I tried this last month with a 99 cent sweet romance title. I did double up a few sites near the end, so there are some inconclusive points, but these were my results:

*Definitely worth it:*
Ebookhounds (free)
Bkknights ($5.50)
Sweetfree Books ($5)
The Naughty List (free)
Ereader news today ($45)

*Definitely not worth it:*
Hotzippy's romance list ($15)
Bookgorilla ($50)
My Romance Reads ($75)
Genrepulse ($30)
Kindle Nation Daily ($100)

*Inconclusive:*
Discount Books Daily ($10)
Ebook Soda ($10)
Ebook Arrow ($10)
Choosy Bookworm ($5)

It seemed like, in general, the more I paid, the less the site gave back.


----------



## Philip Gibson (Nov 18, 2013)

I'll be following with interest.

I've never heard of EBookasuarus. As a general rule, I think any site I haven't heard of is not likely to be a site that works. If a site works, I would have heard about it here at Kboards.

Philip


----------



## Patty Jansen (Apr 5, 2011)

Philip Gibson said:


> I'll be following with interest.
> 
> I've never heard of EBookasuarus. As a general rule, I think any site I haven't heard of is not likely to be a site that works. If a site works, I would have heard about it here at Kboards.
> 
> Philip


In general, I agree with this.

Yet, Bookbasset never ever gets mentioned on these boards. That site works.


----------



## Philip Gibson (Nov 18, 2013)

Patty Jansen said:


> In general, I agree with this.
> 
> Yet, Bookbasset never ever gets mentioned on these boards. That site works.


Must've been mentioned somewhere on these boards since I've heard of it and have used it.


----------



## JTCochrane (Feb 6, 2012)

Philip Gibson said:


> I'll be following with interest.
> 
> I've never heard of EBookasuarus. As a general rule, I think any site I haven't heard of is not likely to be a site that works. If a site works, I would have heard about it here at Kboards.
> 
> Philip


I think I found it on AuthormarketingClub but will double check.


----------



## JTCochrane (Feb 6, 2012)

aimeeeasterling said:


> I tried this last month with a 99 cent sweet romance title. I did double up a few sites near the end, so there are some inconclusive points, but these were my results:
> 
> *Definitely worth it:*
> Ebookhounds (free)
> ...


Good info. I will add it to the roll up when I do and will give some of them a try.


----------



## I&#039;m a Little Teapot (Apr 10, 2014)

Patty Jansen said:


> Yet, Bookbasset never ever gets mentioned on these boards. That site works.

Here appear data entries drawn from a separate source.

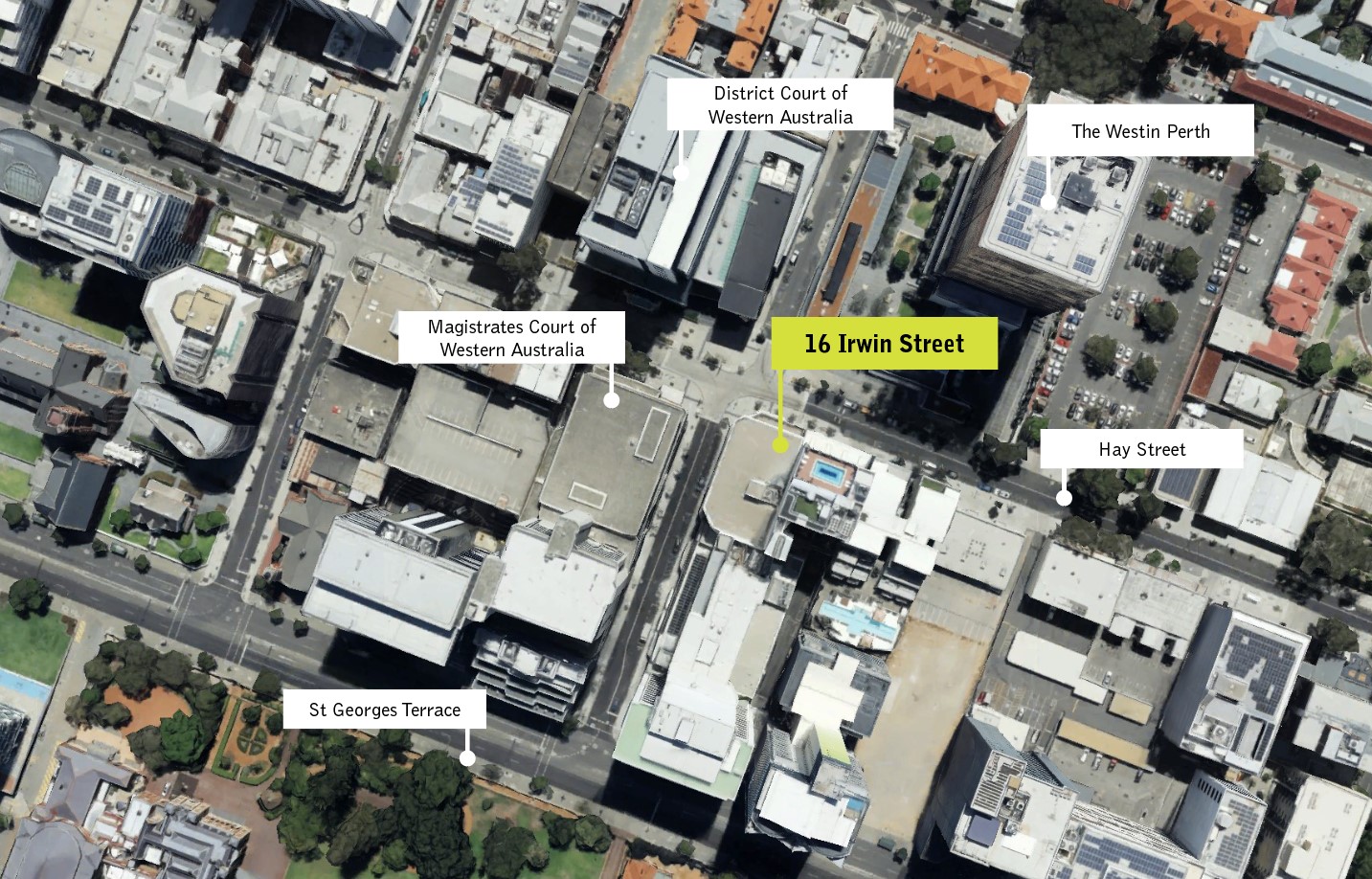 • Strategic location directly opposite the Perth District & Magistrates Courts, and in close proximity to the State Administrative Tribunal,
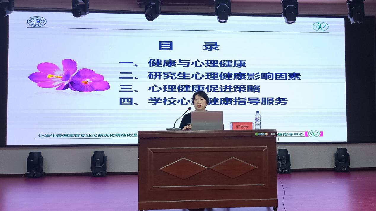 何思彤教授从健康与心理健康、研究生心理健康影响因素、心理健康促进策略和公司心理健康指导服务四个部分向同学们进行心理健康知识的普及。她详细讲解了心理健康的概念、心理健康的等级,列举了影响研究生心理健康的因素,包括人际交往、恋爱婚姻、学习压力、专业兴趣、就业压力、经济困难和现实目标等。
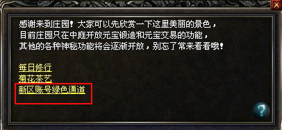 为保证玩家正常进入服务器,新区账号绿色通道已正式开启!你只要在庄园管家处开启绿色通道,你的账号将拥有特权,不再受人数限制,随时随地、直接进入游戏。即使本服务器已达到人数上限,你依然可以享受特权,顺利登陆游戏!
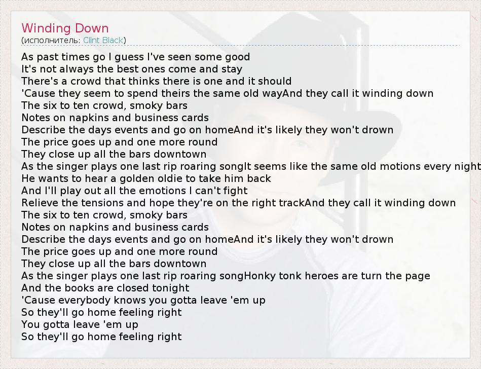 As past times go I guess I've seen some good It's not always the best ones come and stay There's a crowd that thinks there is one and it should 'Cause they seem to spend theirs the same old wayAnd they call it winding down The six to ten crowd, smoky bars Notes on napkins and business cards Describe the days events and go on homeAnd it's likely they won't drown The price goes up and one more round They close up all the bars downtown As the singer plays one last rip roaring songIt seems like the same old motions every night He wants to hear a golden oldie to take him back And I'll play out all the emotions I can't fight Relieve the tensions and hope they're on the right trackAnd they call it winding down The six to ten crowd, smoky bars Notes on napkins and business cards Describe the days events and go on homeAnd it's likely they won't drown The price goes up and one more round They close up all the bars downtown As the singer plays one last rip roaring songHonky tonk heroes are turn the page And the books are closed tonight 'Cause everybody knows you gotta leave 'em up So they'll go home feeling right You gotta leave 'em up So they'll go home feeling right
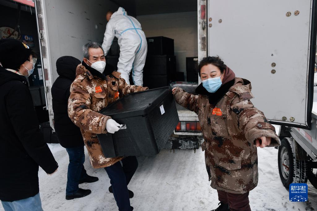 趙淑華(右一)指揮社區(qū)工作人員和志愿者搬運(yùn)盒飯(2021年2月15日攝)。趙淑華是吉林省通化市東昌區(qū)團(tuán)結(jié)街道文化社區(qū)副主任、網(wǎng)格長(zhǎng),臨近退休的她毫不猶豫投身抗疫一線(xiàn)。新華社記者 許暢 攝
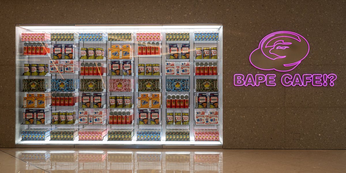 日本高街潮牌A Bathing APE(BAPE)终于在月前入驻马来西亚Suria KLCC。此外,让时尚人引颈期盼的BAPE Cafe也随之开幕。咖啡厅与品牌专卖店毗邻,其设计延续了品牌热衷的未来主义贯穿,设计前卫又带有童趣感,其墙面设计就是效仿超级市场的景象,各类印有Baby Milo肖像的零食都被当成了摆设,无论前、后、左、右都是打卡热点。

Yep, they're pretty fantastic.


----------



## anniejocoby (Aug 11, 2013)

I strenuously object to My Romance Reads not being worth it. I ran an ad with them and got over 3300 downloads in one day. 

On the other hand, I'm running an ad with ENT right now, and it's left something to be desired. I've gotten 600 downloads today from that ad, which is okay, but nothing to write home about. 

My experience has been that all sites are kinda hit and miss. It all depends on a lot of factors - where you are on their list, for instance. I ran something with Freebooksy, and, ordinarily, I'm thrilled with them. But I think that I only managed less than 1000 downloads of Broken on the day that ad ran this time. The first time I ran Broken with them, I got 7000 downloads. I think that because this is like the fourth time I've run Broken with them, I got diminishing returns. That and the fact that, when I looked at their site, my book was way down the page. Things like that, you can't really help, but they can REALLY affect your ROI. 

I'm thinking that the same thing is going on, for me, with ENT - I don't think that my book is placed very prominently with them. So, yeah - the people who are higher up on their page are going to see a lot more action than those who aren't. It's unfair if we all pay the same amount, but, then, life isn't fair, and somebody has to be last on the page. 

All that said, I think that Freebooksy, ENT and My Romance Reads are at least generally worth the money. Booksends is okay, too, as is OHFB. But I'm running all of these guys on Broken this week and haven't yet gotten to 5000 downloads (the ads started on Monday). So my promo week, so far, isn't going so great. Maybe it's because my book has been out for awhile and has been fairly popular and has already been downloaded a ton. Perhaps it's because I already ran it with Freebooksy and Booksends last July. Who knows


----------



## Heather Hamilton-Senter (May 25, 2013)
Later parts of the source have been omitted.